The Congo giraffe was the other creature I hadn’t expected to feel so strongly about. Garamba holds one of the last populations of the Kordofan giraffe — sometimes called the Congo giraffe — found nowhere else in the DRC. I saw a tower of five from the vehicle on our afternoon drive, their long necks coming up above the gallery forest along the Garamba River, and the sight had that quality of appearing unreal precisely because it was so exactly itself. Giraffes do not look like something evolution arrived at through normal channels.

The rangers here work in conditions of genuine danger — the park sits near the South Sudan border, an area where conflict has spilled across repeatedly. Their commitment is not abstract. Emmanuel told me, quietly, as we walked back at noon, that three of his colleagues had been killed in the past year. He said it the way people say things that are simply facts, which somehow made it harder to hear than if he’d said it dramatically.
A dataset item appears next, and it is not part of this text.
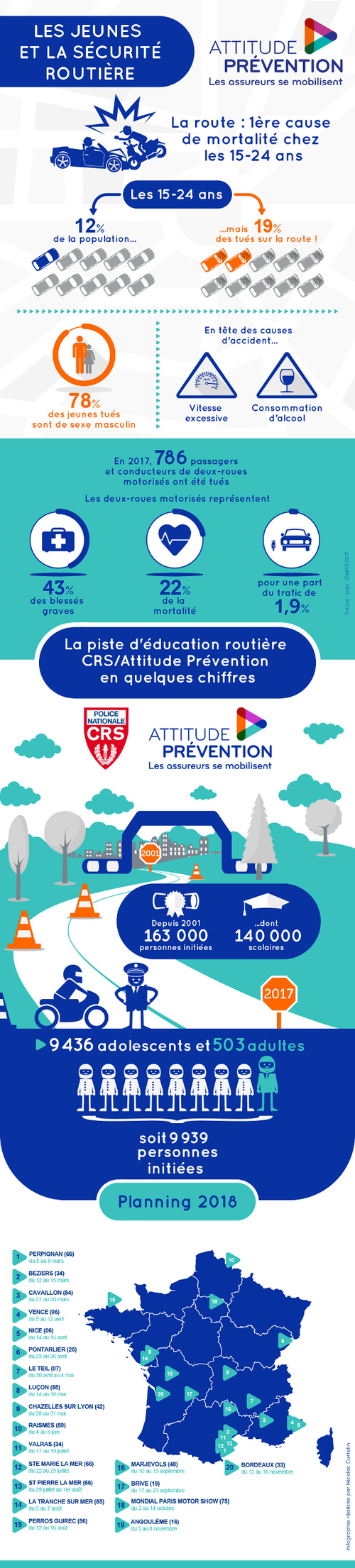 Piste d’éducation Routière CRS/Attitude Prévention : tournée d’été 2018, villes et dates

When to go: November through May is the green season, with tall grass making wildlife observation more difficult. The dry season (June through October) is optimal — grass burns back or dries low, animals concentrate around water sources, and game viewing is significantly better. Access requires a charter flight, serious advance planning, and coordination with park authorities or a specialist operator; infrastructure is minimal and the security situation requires careful assessment before travel.